Smokers accounted for 35 percent of the psoriasis cases. This result is in line with Ortiz et al. (34), who discovered a link between smoking and metabolic syndrome. Psoriasis is substantially linked to smoking (34). Nicotine binds to nicotinic acetylcholine receptors on DCs, macrophages, endothelial cells, and keratinocytes in the skin, enhancing the synthesis of pro-inflammatory cytokines like IL-12, IL-1, and TNF-α (35), which may lead to local skin synthesis of A-SAA (34). The metabolic syndrome is known to be linked to psoriasis (36).

In terms of BMI, there was no statistically significant difference between the two groups in terms of mean BMI. This finding is consistent with the findings of Genc et al. (37), who found no significant difference in BMI between psoriasis and control groups (p > 0.05) (37). Haberka and colleagues also demonstrated no differences in BMI between the psoriatic patients and the control group (38).
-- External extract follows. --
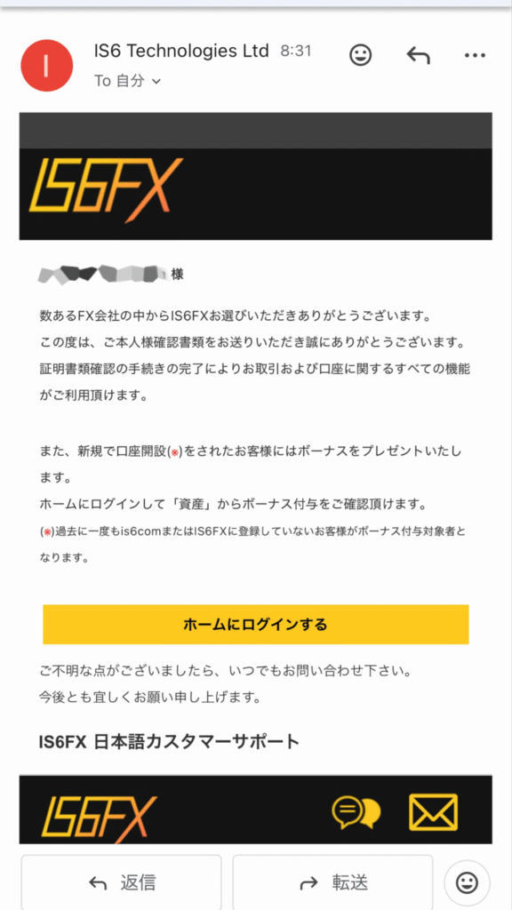 最後にメールを開くと、開設したIS6FX(アイエスシックスエフエックス)の、

In the psoriasis group, the average age of onset of psoriasis was 34.35 ± 14.05 years, while the average disease duration in the psoriasis group was 6.40 ± 6.55 years. According to Ali et al. (39), the duration of psoriasis ranges from one to 35 years (mean of 10.59 years) (39). According to Genc et al. (37), psoriasis patients' disease duration ranged from one to 40 years (mean: 13.8 12.0 years) (37).

Regarding psoriasis family history, regarded as one of the risk factors for the disease's development (40), there were 22 cases in our study with a positive family history of the condition (18.3 percent). El-Komy et al. (41) observed similar findings, revealing that 10.5 percent of their patients had a positive family history (41). This result is lower than the percentages reported in studies conducted in Italy, Spain, the Maghreb, China, and Malaysia, which found 45.9%, 40.7 percent, 28.6 percent, 23.1 percent, and 23.1 percent of patients, respectively (32, 4245).

This finding could be due to cultural and social issues, such as patients denying the disease runs in their family. Such a denial may provide patients with some reassurance in avoiding social stigmatization and exclusion, a fear exacerbated by the local culture of the “ideal partner,” to the point where psoriasis patients have formed social network organizations to socialize for marriage purposes (46, 47). More research into the rate of family history is required for more accurate data, ideally by family physicians.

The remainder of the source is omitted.